Skip to main content

Overview

The fetch-twitter function collects social media posts related to a topic using multiple data sources with automatic fallback. Despite its name, it implements a sophisticated multi-source strategy:
  1. Primary: Scrape.do (X/Twitter + Reddit)
  2. Secondary: Parallel AI Social Search
  3. Tertiary: YouTube API
  4. Final Fallback: Algorithmic post generation
Posts are deduplicated and stored in the posts table with platform attribution.

Endpoint

POST https://your-project.supabase.co/functions/v1/fetch-twitter
This function is designed to be called internally by the analyze-topic orchestrator, not directly by client applications.

Request

topic_id
string
required
UUID of the topic to fetch posts for

Example Request

curl -X POST https://your-project.supabase.co/functions/v1/fetch-twitter \
  -H "Authorization: Bearer YOUR_SERVICE_ROLE_KEY" \
  -H "Content-Type: application/json" \
  -d '{"topic_id": "a3f5e8b1-4c2d-4e9f-8a1b-3c5d6e7f8a9b"}'

Response

success
boolean
required
Whether data was successfully fetched and stored
fetched
number
required
Number of posts retrieved from the source
inserted
number
required
Number of posts successfully inserted into the database (deduplication may cause this to be lower than fetched)
info
string
required
Information about the data source used
scrape_status
string
Status of the Scrape.do operation: “ok” | “blocked” | “quota” | “no_token” | “error” | “idle”

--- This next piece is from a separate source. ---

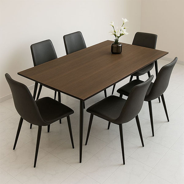 ALESANDRA table 140cm in coffee matt ceramic and matt black base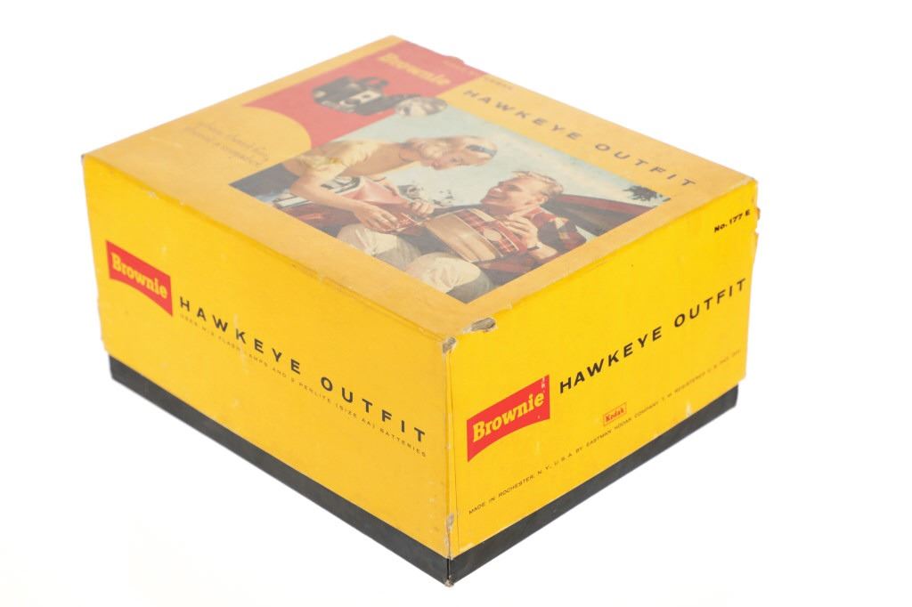 Featured in this lot is this Kodak Brownie Hawkeye Flash Model camera circa 1950's. The camera features a two piece construction with the flasher screwing on the side of the camera. The Brownie Hawkeye Flash Model Camera is recognized as one of the most popular Brownie cameras made. It is easy to use and is still extremely popular with film photographers because it's cheap to buy, it comes apart easily for lens and viewfinder cleaning, and most will accept 120 film without respooling it onto 620 spools making it even easier to shoot with. This beautiful camera was designed by Arthur H. Crapsey, the designer of many other popular Kodak cameras. The condition of this camera flash model is good with no obvious signs of damage and shows good overall condition. The measurements of this camera is 5 1/2" x 7" x 5 1/2".

Success Response (Scrape.do)

{
  "success": true,
  "fetched": 30,
  "inserted": 28,
  "info": "Scrape.do (X: 18, Reddit: 12)",
  "scrape_status": "ok"
}

Success Response (YouTube Fallback)

{
  "success": true,
  "fetched": 15,
  "inserted": 15,
  "info": "YouTube Search API",
  "scrape_status": "quota"
}

Success Response (Algorithmic Fallback)

{
  "success": true,
  "fetched": 10,
  "inserted": 10,
  "info": "Algorithmic Generation",
  "scrape_status": "blocked"
}

Error Response

{
  "success": false,
  "error": "Topic not found"
}

Data Sources

1. Scrape.do (Primary)

Platforms: X/Twitter and Reddit Method: Parallel HTML scraping of both platforms Requirements: SCRAPE_DO_TOKEN environment variable Configuration:
const scrapeUrl = buildScrapeDoUrl(token, targetUrl, {
  render: true,
  waitUntil: 'networkidle0',
  geoCode: 'us'
});
X/Twitter Parsing Strategy:
  • Primary: data-testid="tweet" article elements
  • Fallback: lang="en" span elements
Reddit Parsing Strategy:
  • Primary: Reddit JSON API via Scrape.do
  • Extracts title + selftext from search results
Typical Yield: 15-25 posts from X, 8-15 posts from Reddit

2. Parallel AI (Secondary)

Method: AI-powered web search and content extraction Requirements: PARALLEL_API_KEY environment variable Activation: Only if Scrape.do fails or returns 0 posts Configuration:
const response = await fetch('https://api.parallel.ai/v1beta/search', {
  method: 'POST',
  body: JSON.stringify({
    objective: `Recent public opinions about "${topic.query}"`,
    max_results: 10
  })
});
Typical Yield: 5-10 posts from various web sources

3. YouTube API (Tertiary)

Method: Official YouTube Data API v3 Requirements: YOUTUBE_API_KEY environment variable Activation: Only if Scrape.do and Parallel AI both fail Search Parameters:
  • type: video
  • maxResults: 15
  • part: snippet
Data Structure: Video title + description combined as post text Typical Yield: 10-15 posts

4. Algorithmic Generation (Final Fallback)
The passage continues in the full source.